The Japanese Immune Tolerance Induction (J‐ITI) study in haemophilia patients with inhibitor: Outcomes and successful predictors of ITI treatment

Introduction Immune tolerance induction (ITI) was the primary therapeutic approach to eradicate inhibitors in haemophilia patients. Several large ITI registries had been reported, but successful predictors of ITI outcome are still debated. No reports are available on large ITI studies in non‐caucasian countries. Aim We designed a retrospective cohort study of ITI in Japanese haemophilia patients with inhibitor. Methods Retrospective data were collected from 155 haemophilia (H)A (140 severe‐type) and 7 HB (7 severe‐type) patients treated at 45 institutions. ITI outcome was centrally reviewed. We defined “success” as undetectable inhibitor after 2 consecutive measurements.
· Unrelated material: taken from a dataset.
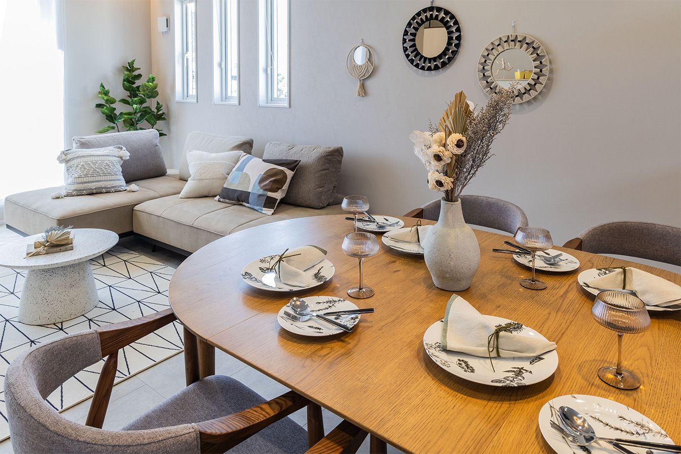 リグナのオリジナル伸長式ダイニングテーブル『LIVELY』。今回は伸長後の幅170cmでご家族の食事シーンを演出。広さにゆとりがあるのでレストランのようなテーブルコーディネートも

Results The ITI success rate was 71.2% for HA and 83.3% for HB. Cumulated success rates for HA achieving 50% and 75% were 0.7 and 2 years after treatment, respectively. Significant successful predictors in HA were low‐responding inhibitors compared to high‐responding inhibitors, shorter time to the start of ITI, and lower historical and treatment peak titres of inhibitor. Dose regimen (high dose; ≥90 IU/kg every day, low dose; ≤75 IU/kg, 3 d/wk) and the type of therapeutic product did not affect outcomes. The success rate of salvage ITI using von Willebrand factor‐containing factor VIII was 50% (n = 6/12), and patient age at the start of salvage ITI was a significant predictor. The inhibitor recurred in 6 HA cases (3.9%). Conclusion The results provided potentially important information for improving future success rates for ITI in inhibitor patients.